Exercise goal >> What is needed is a verbatim copy of the data, minus the pictures.

Data below >>
■ ■ ■ ■ ■ ■ ■
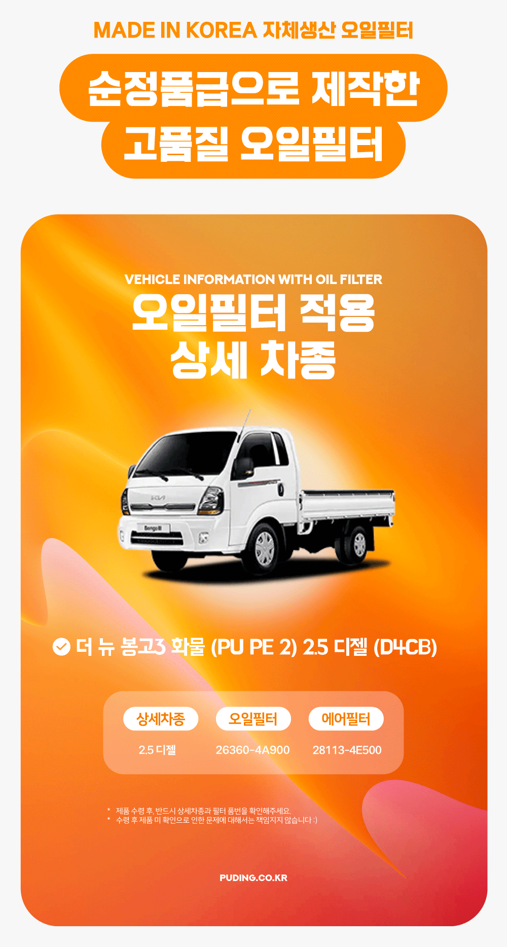 푸딩에서 고품질 오일필터를 저렴하게 교체해보세요! (MADE IN KOREA 자체생산)
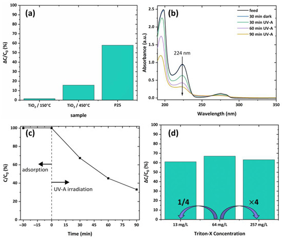 (a) Removal of Triton X-100 at a concentration of 13 mg/L using nanoparticulate TiO2 powders (catalyst amount: 1 g/L) with UV-A exposure for 30 min (natural pH); (b) evolution of the Triton X-100 UV absorbance at a concentration of 64 mg/L in the supernatant aliquot; (c) study of the kinetics of Triton X-100 (64 mg/L) photocatalytic degradation with TiO2/P25 thin film on the lattice substrate (natural pH); (d) photocatalytic performance of trilayer-coated lattice as a function of Triton X-100 concentration under UV-A exposure for 90 min (natural pH).
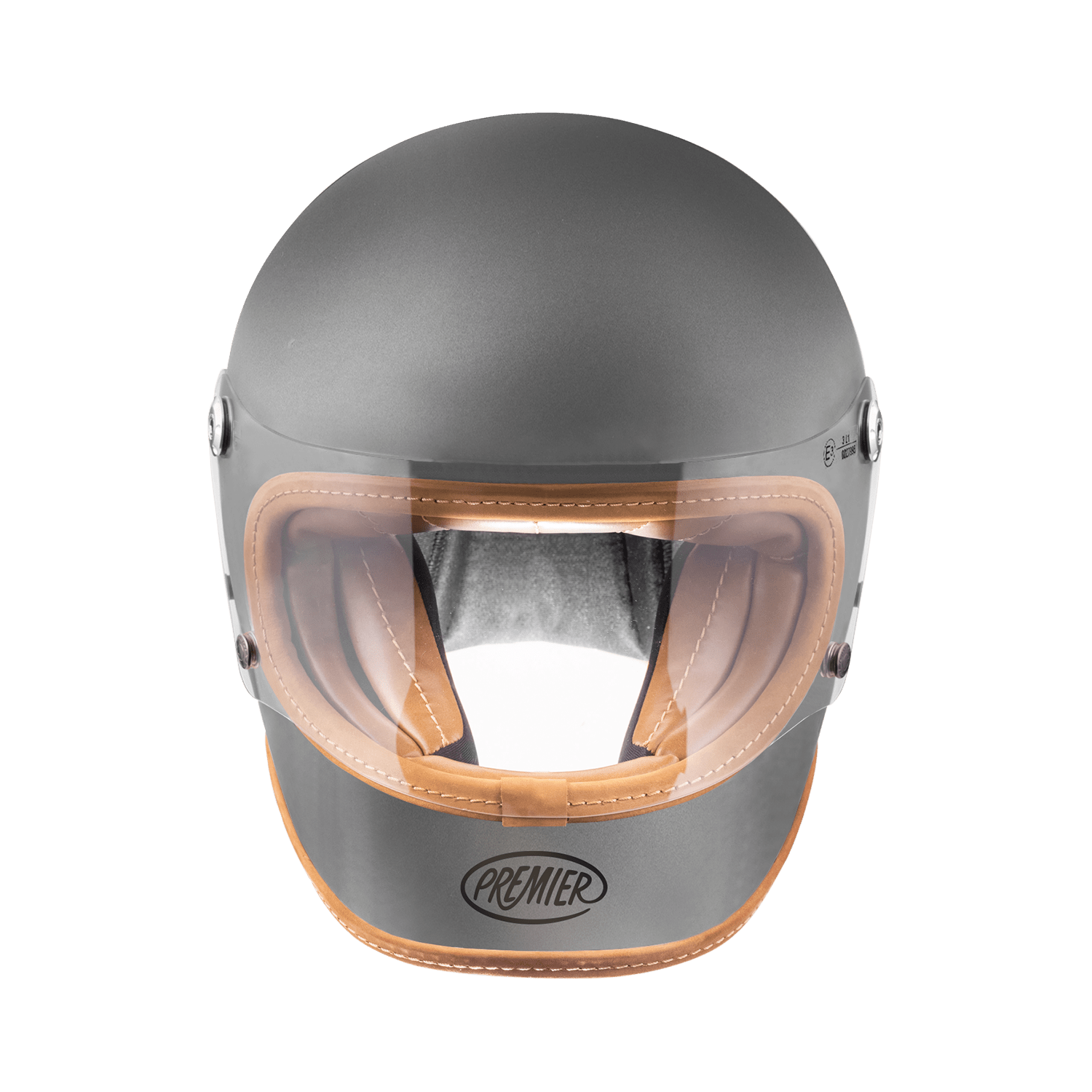 Premier TROPHY Platinum ED è da sempre stata presente nel mondo motociclistico fin dagli anni ’60, scrivendo una delle pagine più ricche e intense delle competizioni sulle due ruote. TROPHY vuole rendere omaggio proprio a quel periodo leggendario e indimenticabile, confermandosi anche quest’anno come uno dei modelli più apprezzati di tutta la linea vintage. Premier TROPHY Platinum ED Riesce infatti a coniugare alla perfezione una linea sobria e pulita con la più moderna tecnologia rendendolo un casco estremamente fedele al vecchio stile ma confortevole e sicuro sotto ogni aspetto. Anche la visiera, anche se identica a quelle utilizzate dai campioni del passato, è omologata e dotata di trattamento antigraffio. È fissata alla calotta da un meccanismo che ne regola l’apertura e da due bottoni nella parte inferiore che ne assicurano la chiusura. La visiera è disponibile come accessorio nelle varianti Dark, Orange, Red, Gold e Silver. Gli interni richiamano anch’essi il sapore retrò degli esterni, e sono costituiti da tessuti resi anallergici dal trattamento Sanitized e traspiranti. Le rifiniture sono in pelle sintetica, facilmente lavabili con un panno morbido. La chiusura è costituita da un cinturino con doppio anello, come si usava in passato e come si usa ancora oggi nel settore racing. Il risultato è un materiale leggero ed elastico, ma altamente resistente in caso di urto che rende TROPHY un casco robusto ma confortevole. Premier Platinum ED è disponibile nelle taglie XS/XL
■ ■ ■ ■ ■ ■ ■
Output below >>
 푸딩에서 고품질 오일필터를 저렴하게 교체해보세요! (MADE IN KOREA 자체생산)
 (a) Removal of Triton X-100 at a concentration of 13 mg/L using nanoparticulate TiO2 powders (catalyst amount: 1 g/L) with UV-A exposure for 30 min (natural pH); (b) evolution of the Triton X-100 UV absorbance at a concentration of 64 mg/L in the supernatant aliquot; (c) study of the kinetics of Triton X-100 (64 mg/L) photocatalytic degradation with TiO2/P25 thin film on the lattice substrate (natural pH); (d) photocatalytic performance of trilayer-coated lattice as a function of Triton X-100 concentration under UV-A exposure for 90 min (natural pH).
 Premier TROPHY Platinum ED è da sempre stata presente nel mondo motociclistico fin dagli anni ’60, scrivendo una delle pagine più ricche e intense delle competizioni sulle due ruote. TROPHY vuole rendere omaggio proprio a quel periodo leggendario e indimenticabile, confermandosi anche quest’anno come uno dei modelli più apprezzati di tutta la linea vintage. Premier TROPHY Platinum ED Riesce infatti a coniugare alla perfezione una linea sobria e pulita con la più moderna tecnologia rendendolo un casco estremamente fedele al vecchio stile ma confortevole e sicuro sotto ogni aspetto. Anche la visiera, anche se identica a quelle utilizzate dai campioni del passato, è omologata e dotata di trattamento antigraffio. È fissata alla calotta da un meccanismo che ne regola l’apertura e da due bottoni nella parte inferiore che ne assicurano la chiusura. La visiera è disponibile come accessorio nelle varianti Dark, Orange, Red, Gold e Silver. Gli interni richiamano anch’essi il sapore retrò degli esterni, e sono costituiti da tessuti resi anallergici dal trattamento Sanitized e traspiranti. Le rifiniture sono in pelle sintetica, facilmente lavabili con un panno morbido. La chiusura è costituita da un cinturino con doppio anello, come si usava in passato e come si usa ancora oggi nel settore racing. Il risultato è un materiale leggero ed elastico, ma altamente resistente in caso di urto che rende TROPHY un casco robusto ma confortevole. Premier Platinum ED è disponibile nelle taglie XS/XL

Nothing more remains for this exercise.